By Shion Choe
Abstract
With approximately 79% of 8.3 billion tons of plastic within the environment, human exposure to microplastic and nanoplastics is now seeminglessly inevitable. This paper explores how plastic particles disrupt systemic human health through three mechanisms. Each of these include a biomolecular disguise evading the immune system, causing organelle stress build up leading to cell function failure, and a trojan horse vector to spread disruptive chemicals. This paper aims to address these cellular and microscopic plastic disruptions to shift the generalized focus on environmental pollution toward an unrecognized urgent clinical issue of cellular health within humans.
Introduction
For a very long time, plastics have mainly been recognized and seen as a threat to the ecosystem. Images and findings of marine animals harmed by plastic waste have gone viral in the past and public awareness of environmental pollution became a major issue (BBC News, 2020). Out of the varying sizes and types of plastics, microplastics are plastic particles ranging in size from 5 millimeters, which is about the size of a pencil eraser, to 1 nanometer. Considering that a strand of human hair is about 80,000 nanometers wide, most of these plastics are invisible to the human eye (Environmental Protection Agency, n.d.). Microplastics can either be intentionally manufactured in small sizes for consumer products, or degrade into smaller pieces from larger plastic products (EPA, n.d.). However, they cannot be biodegraded, and can only be fragmented into smaller pieces, eventually becoming microscopic or even smaller nanoplastics. During the process, the plastics are exposed to contamination, including various chemicals and environmental toxins, later releasing it as pollutants at its location. (National Oceanic and Atmospheric Administration, 2019). Due to these characteristics, small plastic particles can cause critical disruptions to ecosystem health, being a major factor of environmental pollution and can be easily consumed by animals. Still, despite the existing awareness of the environmental impacts of microplastics, the specific disruptions in a human body including inflammation and toxicity caused by accumulation of plastic particles are yet unrecognized. This review aims to propose how long-term exposure to microplastics and nanoplastics contribute to health such as immune responses and inflammation in a few different ways.
Literature review
Geyer et al. (2017) conducted a global flow analysis to quantify all of the manufactured plastics around the globe and their disposal. The global data was collected from 1950 to 2015, combining statistics across industrial sectors.Their observations concluded that approximately 8.3 billion metric tons of plastics has been produced since then. However, only 9% of manufactured plastics have been recycled, while 79% has been accumulated in the environment.

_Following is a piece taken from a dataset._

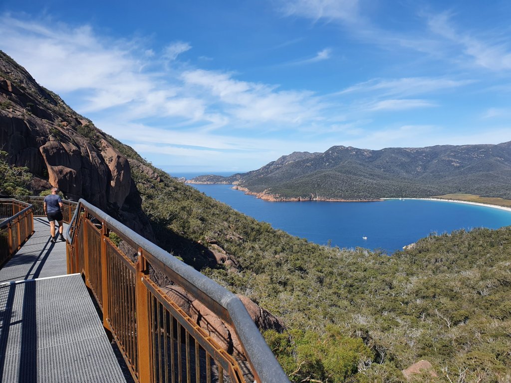 We stopped in Coles Bay for dinner before making our way to the seaside town of Bicheno, visiting the Lobster Shack for some scallops and a glass of sparkling before falling asleep to the sound of the waves. The bed wasn’t the most comfortable but after a long day walking we were happy to bunker down and slept quite well.
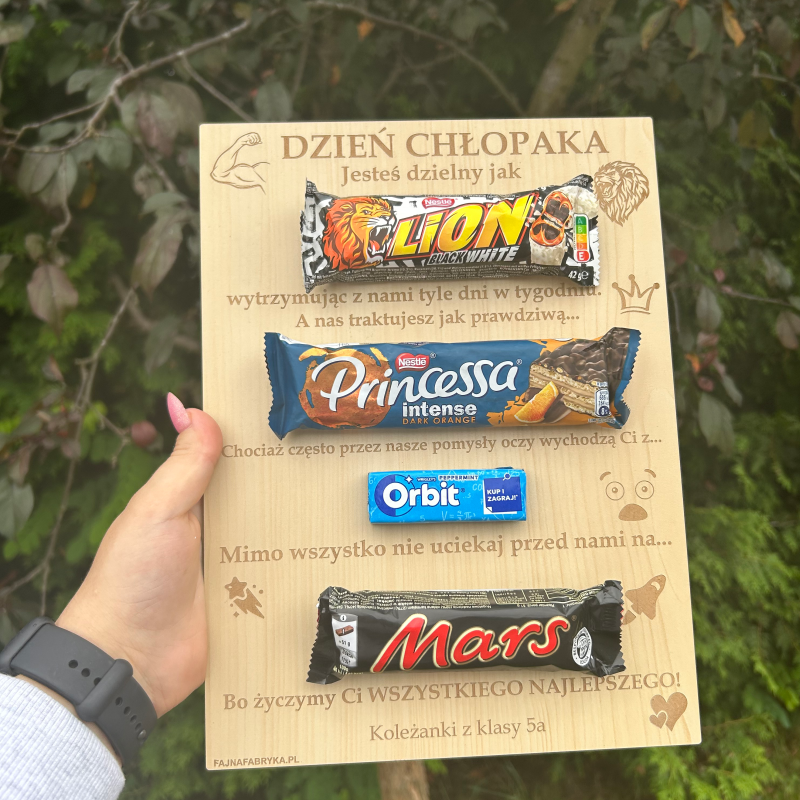 Tabliczka na słodycze to nie tylko słodka niespodzianka, ale również gest troski i uwagi. Niech chłopak poczuje się wyjątkowy, gdy otworzy tę tabliczkę i zobaczy Twoje słowa skryte wraz z przepysznymi słodyczami.

The review by Hernández et al. (2025) evaluated the impacts of microplastics and nanoplastics within human body parts at a cellular level and their navigation through the immune system. By integrating evidence from recent human biomonitoring studies, they mapped out how plastic particles can interact with biological systems and simulated the movement. Their study of internal exposure of plastic particles suggested that these wastes can cause disruptions in biological barriers of key organs such as guts and lungs. Due to the various chemicals on the particle’s surface, they can trigger oxidative stress and chronic inflammation in humans. The study also explained how plastics navigate the human body, by coming in contact with biological fluids thus forming a biomolecule corona made of proteins and lipids around its surface. This disguises the plastic as a biological molecule, giving it the ability to remain undetected and reaching human organs to settle for long periods.
Lee et al. (2023) focused on the human regulatory system impacted by microplastics. They collected data of different microplastic concentrations and sizes in the region of South Korea and compared individuals that would regularly consume microplastics in different sizes and shapes. Out of those observations, they suggested that macromolecular size level plastics after consumption alter their biological characteristics, mimicking natural hormones and leaching onto receptor sites. This causes false signals throughout the body, leading to dysfunction and metabolic disorders.
This paper by Bishop et al. (2025) looked into inflammation due to the presence of plastic particles. By extracting types of microplastics and exposing it to human cell lines and blood immune cells, observations in their interaction was made. Their results showed a response from inflammatory cytokines, showing that plastic accumulation eventually triggers an immune response causing swelling and redness within the body.
In the article by Sobarathne et al. (2025), the direct physical and oxidative harm of plastic particles were experimented. The experiment used a human stem cell, exposing it to various concentrations of polystyrene microplastic particles. In conclusion, the plastic particles were found to mainly accumulate in the lysosomes acting as a recycling center. Further observations revealed lysosomal storage stress build up and function decline.
Tyc et al. (2025) analyzed the role of plastic particles as carriers of disruptive chemicals. Their research synthesized data from recent toxicological and epidemiological studies related to microplastic impacts on key hormonal regulatory axes. The study concluded microplastics as vectors to carry and transport various chemicals on its surface. However, these chemicals include bisphenol A and phthalates as well as numerous unknown substances. Coming in contact with these chemicals from plastic consumption leads to dysregulation of reproductive functions, hormone production, and metabolic health.
In the article of Segovia et al. (2025) reviewed how the chemical components of microplastics can influence early child development. The study focused on perinatal exposure, looking at how disruptive chemicals from plastic bits can interact with human biological pathways. They discovered that early life accumulation is particularly critical because the developing hormonal and immune system is highly sensitive to fragmented polymers, ultimately causing stress in the body's immune response and disrupting hormonal balance.
Analysis
Because 79% of plastic waste around the world remains as a part of the ecosystem (Geyer et al., 2017), there is a constant risk of human exposure through inhalation or ingestion. This immense volume of plastics and their ability to avoid biological systems causes an unavoidable infiltration of plastic particles within human tissues. (Lee et al., 2021; Hernández et al., 2025). The global inevitability of plastic consumption has led to a direct cellular impact throughout.
Plastic particle navigation through the human body is supported by a biomolecule corona outer layer. By coating themselves in a bodily protein and lipid layer, these particles mimic biological components of the human body and surpass the immune system. This delays the immune response, allowing plastics to reach key tissue organs without being previously excreted and trigger late inflammation after accumulation has already happened throughout (Hernández et al., 2025; Bishop et al., 2025).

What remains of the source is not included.